Give again, word for word, the lines below that run from the line with "- 게시글 등록이나 수정이나 화면은 같지만" through the line with "03.11.2020Во все времена". Drop the pictures.

Data for this exercise section start

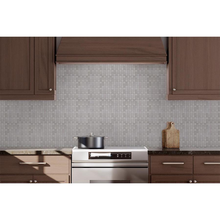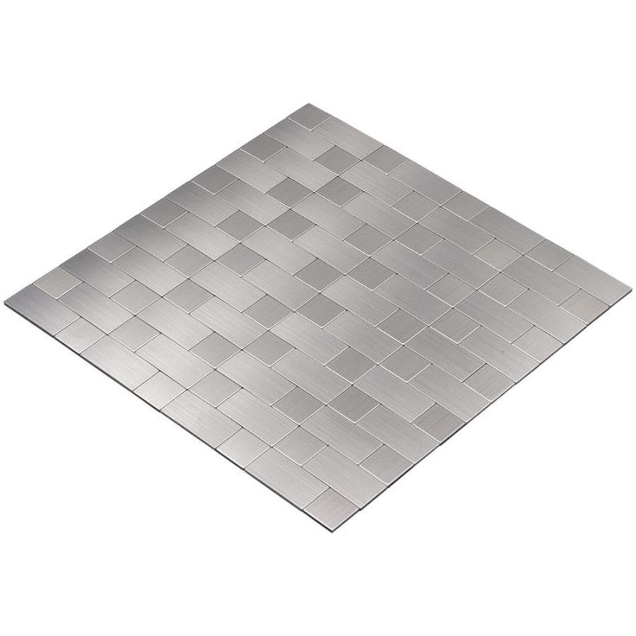 This striking, stainless steel Peel and Stick tile provides a subtle, clean, and truly unique look to any space Each stainless steel Peel and Stick tile contains a red backing and once peeled exposes an adhesive layer that will stick to almost any surface just clean, peel, and stick Variations in stainless steel grey color may appear throughout the Peel and Stick mosaic due to lighting disparities Light reflects beautifully and differently off the shiny, smooth to the touch, stainless steel chips This Peel and Stick mosaic tile features a horizontal arrangement of square and rectangular shaped chips This Peel and Stick mosaic is suitable for interior walls and can be used in dry areas No grout is needed for this Peel and Stick tile. all you will need for assembly is a light detergent and utility knife or chop saw, if cutting is necessary, then just Peel and Stick Ideal for interior walls such as kitchen backsplashes
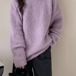 Relaxed yet sophisticated styling makes this jumper utterly chic. A women’s loungewear-inspired crew-neck pullover knit, thickened for warmth.
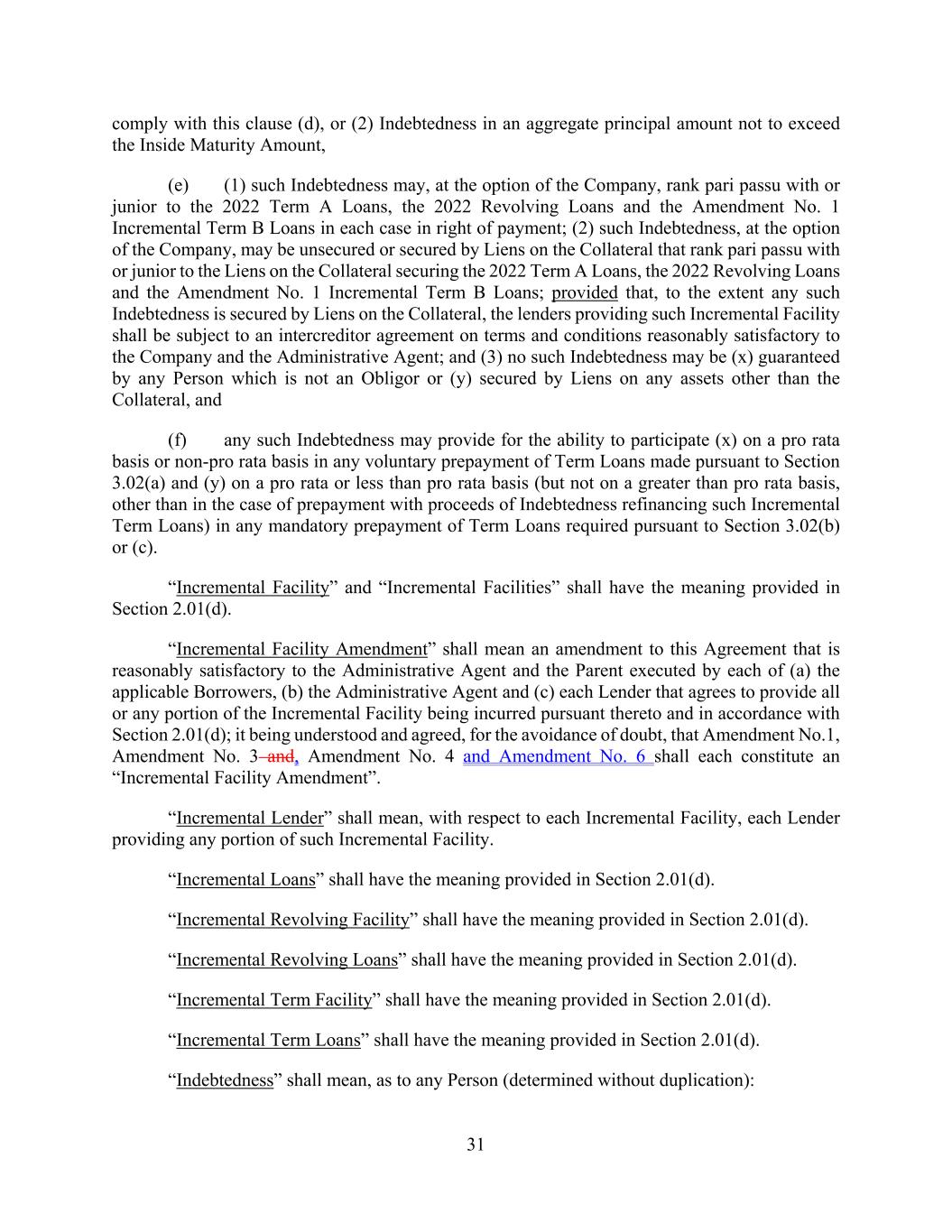 31遵守本条款(d),或(2)本金总额不超过内部到期金额的债务,(e)(1)该等债务可由公司选择在每种情况下与2022年A期贷款、2022年循环贷款和修订第1号增量B期贷款享有同等地位或低于受付权;(2)该等债务,由公司选择,可以无担保或由抵押品上的留置权担保,该留置权与担保2022年A期贷款、2022年循环贷款和第1号修正案增量B期贷款的抵押品上的留置权具有同等地位或低于其留置权;但前提是,在任何此类债务由抵押品上的留置权担保的范围内,提供该等增量融资的贷款人须受公司及行政代理人合理满意的条款及条件的债权人间协议所规限;及(3)该等债务不得由任何非债务人的人(x)担保,或(y)以抵押品以外的任何资产的留置权作担保,(f)任何此类债务可规定有能力按比例或非按比例参与(x)根据第3.02(a)和(y)节按比例或低于按比例(但不能以高于按比例的基础,但以债务收益再融资此类增量定期贷款的情况除外)根据第3.02(b)或(c)节要求的任何强制性提前偿还定期贷款。“增量融资”和“增量融资”应具有第2.01(d)节规定的含义。“增量融资修正”系指由(a)适用的借款人、(b)行政代理人和(c)同意提供根据该协议并根据第2.01(d)节产生的全部或任何部分增量融资的每个贷款人各自执行的、行政代理人和母公司合理满意的对本协议的修正;为免生疑问,理解并同意第1号修正案、第3号修正案以及第4号修正案和第6号修正案应各自构成“增量融资修正”。“增量贷款人”是指,就每笔增量融资而言,每笔提供此类增量融资任何部分的贷款人。“增量贷款”应具有第2.01(d)节规定的含义。“增量循环贷款”应具有第2.01(d)节规定的含义。“增量循环贷款”应具有第2.01(d)节规定的含义。“增量期限便利”应具有第2.01(d)节规定的含义。“增量定期贷款”应具有第2.01(d)节规定的含义。“负债”是指,对于任何人(不重复确定):
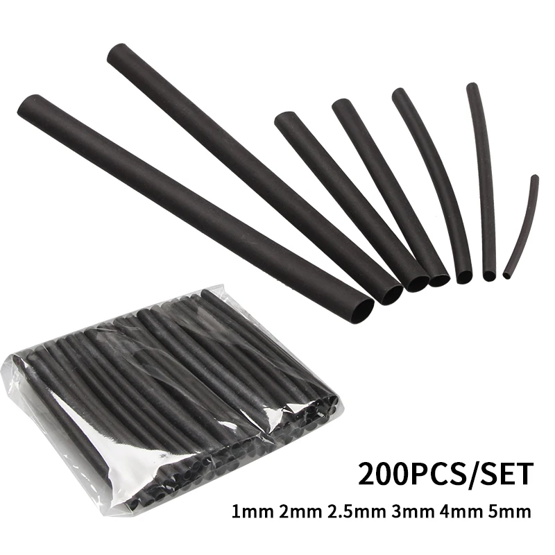 200 шт. термоусадочная трубка 1 мм 2 мм 2,5 мм 3 мм 3,5 мм 4 мм 5 мм усадочная трубка обмотка провода кабель комплект
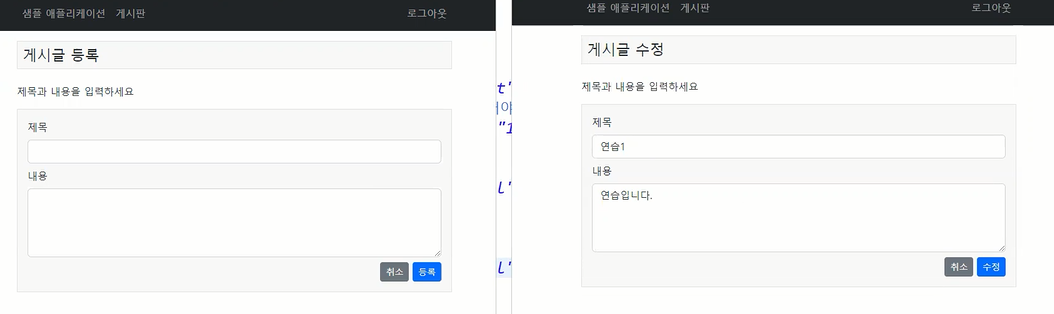 - 게시글 등록이나 수정이나 화면은 같지만
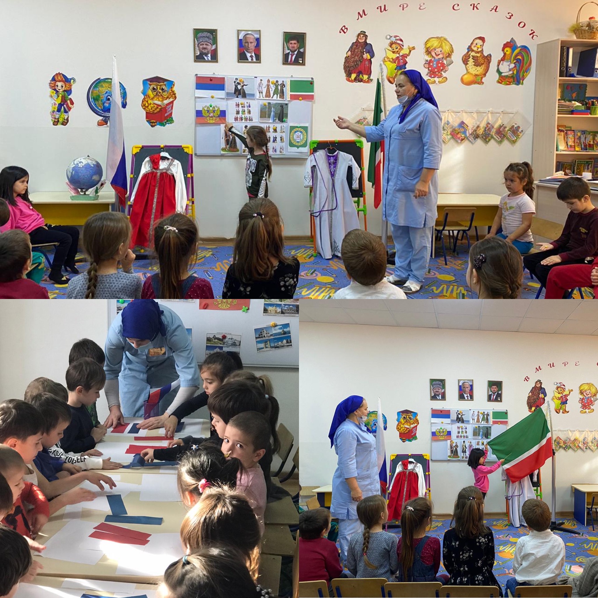 03.11.2020Во все времена россияне любили свою Родину: слагали о ней песни, пословицы и стихи, во имя родной стороны совершали подвиги. 4 ноября вся наша страна отмечает День народного единства. Дошкольники детского сада на занятии узнали, что за праздник День народного единства, узнали кто такие Кузьма Минин и Дмитрий Пожарский, что они сделали для России. Посмотрели презентацию об истории создания памятника на Красной площади. Детям предлагались различные задания: подобрать красивые картинки к слову Родина, нарисовать флаг России и т.д. Малыши играли в игру «Защитники», целью которой является воспитание чувства уважения к защитникам нашей Родины, желание стать ее защитником. В конце занятия ребята с воспитателем сделали коллективную аппликацию «Мы едины».
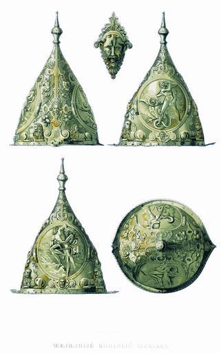 | Keywords: Drevnosti RG v3 ill017.jpg Авст ийский пода очный шлем Поднесён Павлом Сапегой от польского ко оля Сигизмунда III Фёдо у Иоанновичу Х анящийся в О ужейной палате железный шлем под 48 в описных книгах 1687-го и 1701 г под заглавием «Шапки емецкие и Калмыцкие» помещен пе вым «Шапка чеканная золочена Цеса ское дело; в ней два клейма больших в них люди; в одном клейме человек бьет змея но выше клеем по о лу двоеглавому в них по человеку на коне; меж клеем по личине; пониже клеем четы е льва; и люди и о лы и личины и львы и змейки и т авки золочены А по нынешней пе еписи ч`є года и по осмот у та шапка п отив п ежних пе еписных книг сошлась; цена сто ублей» а этом стальном золоченом шлеме п евосходного чекана сов еменного искусству Бенвенуто Челлини на двух больших клеймах изоб ажен Ге кулес по ажающий Ле нейскую гид у и удушающий в бо ьбе великана Антея а вычеканенном ге бе усском в ве шине шишака над ко онованными главами о лов изоб ажен к ест Это ге б ца ства осковского во в емя пат иа шества п и Федо е Иоанновиче и следовательно абота шлема относится к этому в емени По выписке из посольских книг 1591 г польский ко оль Сигизмунд III п ислал ца ю в числе п очих да ов поднесенных Павлом Сапегой шелом золотен В этом да е можно п изнать изоб аженный на исунке железный золоченый шлем цеса ского дела Д евности Российского госуда ства < 1853 Солнцев Фёдо Г иго ьевич Author died more than 70 years ago - public domain PD-old Antiquities_of_Russian_country_-_Volume_III Shelom Feodor I of Russia's items Files uploaded by Shakko from various sources |
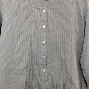 Peruvian Connection 100% Cotton Pleated Peasant Blouse Size 6 Blue Button
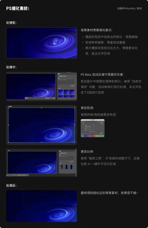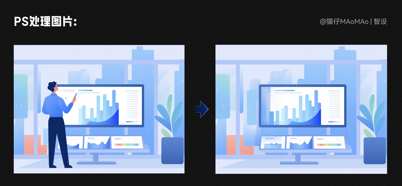 生成的素材我們需要先用 PS 處理一下,背景素材需要處理的地方:主視覺(jué)多余的部分需要?jiǎng)h掉、色調(diào)處理、圖片比例修改。
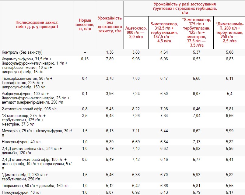 • 7,84 т/га — S-метолахлор, 312,5 г/л + тербутилазин, 187,5 г/л — 4,5 л/га та S-метолахлор, 375 г/л + тербутилазин, 125 г/л + мезотріон, 37,5 г/л в нормі 3,5 л/га — за післясходового застосування.
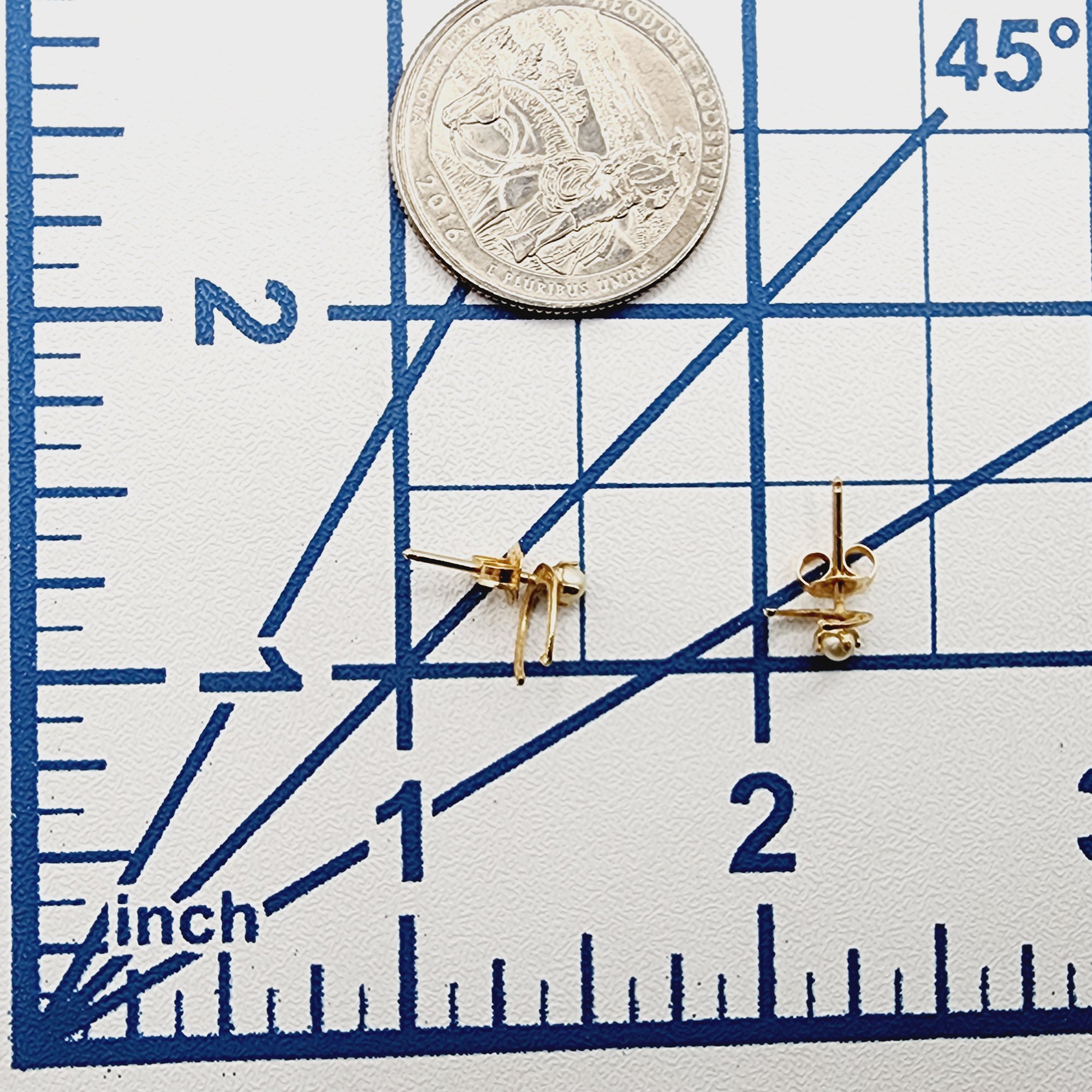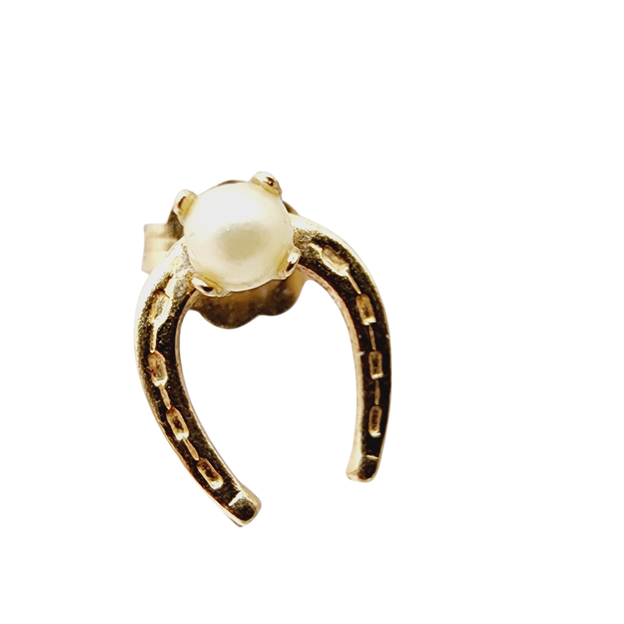14k Gold Horseshoe Pearl Stud Earrings .5g

Data for this exercise section end

Response to this task:
 - 게시글 등록이나 수정이나 화면은 같지만
 03.11.2020Во все времена россияне любили свою Родину: слагали о ней песни, пословицы и стихи, во имя родной стороны совершали подвиги. 4 ноября вся наша страна отмечает День народного единства. Дошкольники детского сада на занятии узнали, что за праздник День народного единства, узнали кто такие Кузьма Минин и Дмитрий Пожарский, что они сделали для России. Посмотрели презентацию об истории создания памятника на Красной площади. Детям предлагались различные задания: подобрать красивые картинки к слову Родина, нарисовать флаг России и т.д. Малыши играли в игру «Защитники», целью которой является воспитание чувства уважения к защитникам нашей Родины, желание стать ее защитником. В конце занятия ребята с воспитателем сделали коллективную аппликацию «Мы едины».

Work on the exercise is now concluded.